「消滅可能性」指摘、県内自治体が危機感 名指しに不満や怒りも 人口戦略会議の公表受け

 民間組織「人口戦略会議」が「消滅可能性自治体」を公表した24日、新たに名指しされた栃木県矢板市、益子町は危機感を募らせた。「深刻さは増した」と公表内容を受け止め、さらなる対策の必要性を痛感する。同じく新たに該当した市貝町は、同会議の報告に怒りや不満をあらわにした。2014年にも別の民間組織が報告した消滅可能性。引き続き指摘された自治体からは「現状として冷静に受け止める」との声も上がった。

 「非常に重く受け止めている」。
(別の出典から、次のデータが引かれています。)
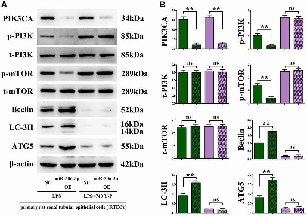 The results of in vivo and in vitro experiments manifested that overexpression of miR-506-3p decreased the expressions of PIK3CA, p-PI3K and p-mTOR, but increased the expressions of Beclin, LC-3II and ATG5. After 740Y-P was added, the expressions of p-PI3K, p-mTOR, Beclin, LC-3II and ATG5 had no significant changes, but the expression of PIK3CA declined in miR-506-3p OE+740Y-P group compared with those in miR-506-3p NC+740Y-P group (p < 0.01). The above results demonstrate that exogenous overexpression of miR-506-3p can regulate the expression of autophagy-related proteins through inhibiting the PI3K pathway, thereby enhancing the autophagy of renal tubular epithelial cells in sepsis. Besides, highly expressed miR-506-3p in model group could alleviate kidney tissue damage, mitochondrial morphological changes and apoptosis, and increase the number of autophagosomes in renal tubular epithelial cells. It can be seen that miR-506-3p may enhance autophagy of renal tubular epithelial cells. The above findings indicate that overexpression of miR-506-3p in normal cells has no impact on the PI3K pathway, but overexpression of miR-506-3p in SA-AKI model can activate autophagy-related proteins through inhibiting the PI3K pathway, thereby enhancing autophagy of renal tubular epithelial cells in sepsis.
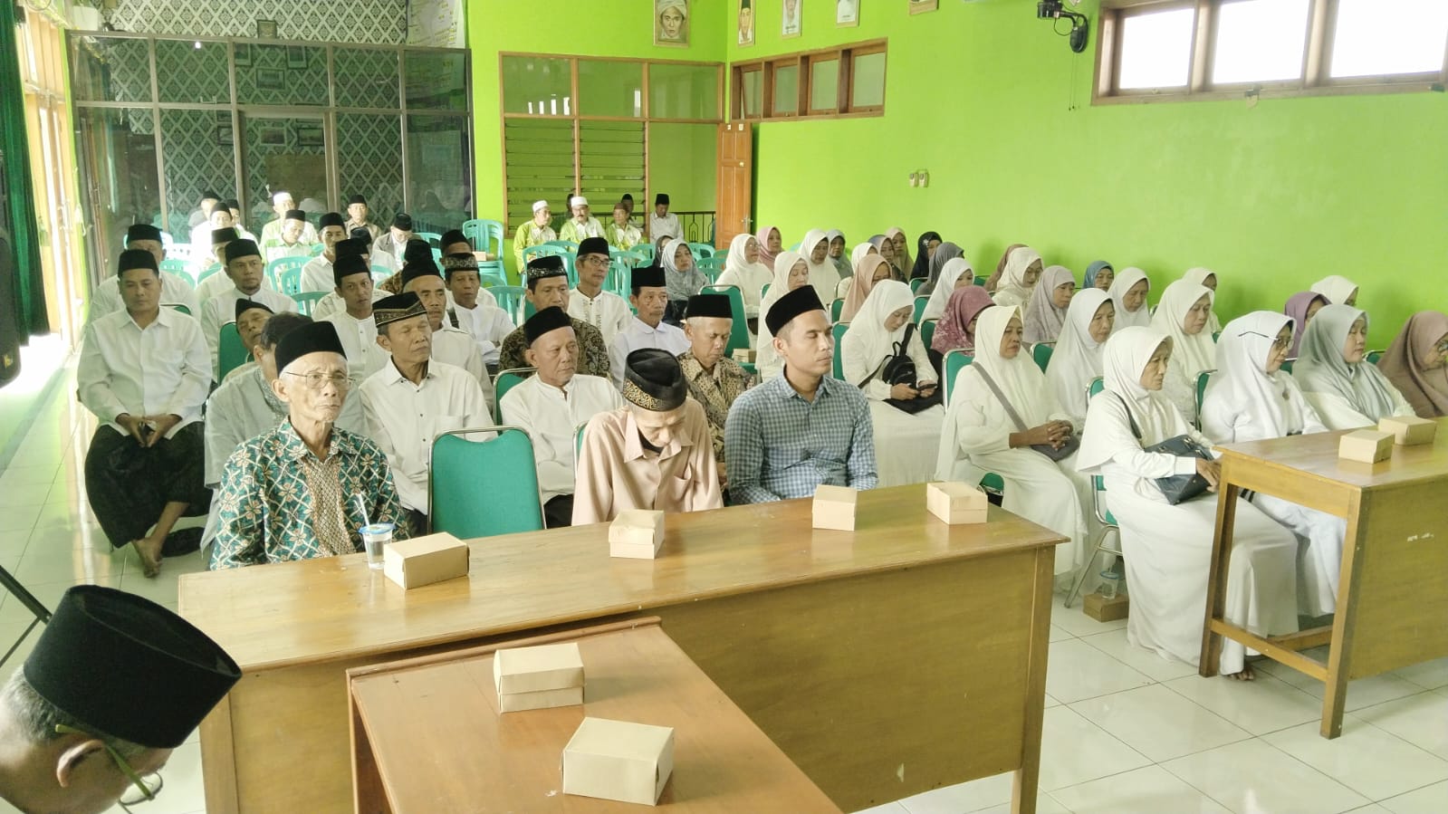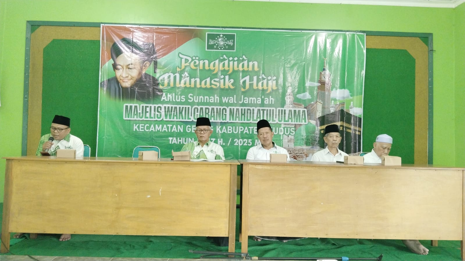 KUDUS,suaranahdliyin.com – Tahun ini, pengurus Majelis Wakil Cabang Nahdlatul Ulama (MWCNU) Kecamatan Gebog Kudus kembali memulai kegiatan pengajian Manasik Haji Ahlussunah Wal Jamaah (Aswaja), Jum’at (8/7/2025). Bertempat di gedung MWCNU setempat itu, pengajian manasik haji diikuti puluhan calon haji (calhaj) yang akan berangkat tahun 2026 se-Gebog.

矢板市の森島武芳(もりしまたけよし)市長はこの日、コメントを出した。市の人口減少の要因を、少子高齢化に加え、雇用と経済の減退が影響していると捉える。「女性の働く場所の確保についても、改めて取り組む必要性を感じた」と同会議の報告を受け止めた。

 益子町も危機感を強める。3歳児未満の保育料無償化に県内では先進的に取り組むなどしてきたが、「より対策をとっていかないといけない」(町総合政策課)と強調した。転入から転出を差し引いた社会動態の改善には手応えを感じており、婚活支援や女性の暮らしやすい地域づくりなどを、これまでの取り組みを検証しながら、検討していきたいとした。

 怒りの声も上がった。市貝町の入野正明(いりのまさあき)町長は「『消滅可能性自治体』という表現は全く不適切で、その評価も一方的なもの」と批判。「自治体が消滅することはあり得ず、町民も行政も幸せになろうと頑張っているのに、そんなことは言われたくない」と語気を強めた。

 14年と変わらず「消滅可能性」とされた那珂川町の担当者は「どうすれば町内に住民が残ってくれるのか」とショックを隠しきれない。子育て支援策を展開しており、効果の高い政策を行う必要性を感じている。

 一方、那珂川町と同様に引き続き指摘された那須烏山市や塩谷町は、冷静に受け止めている。塩谷町は町内の交流施設に移住や定住を相談できるセンターを設置、相談が寄せられているという。「体制は整いつつある。不断の取り組みを続ける」とした。

 那須烏山市も「(公表された報告を)事実として受け止めるしかない」。市として意識している持続可能なインフラ再構築や、地元に愛着を持ってもらうための取り組みを続けていくとした。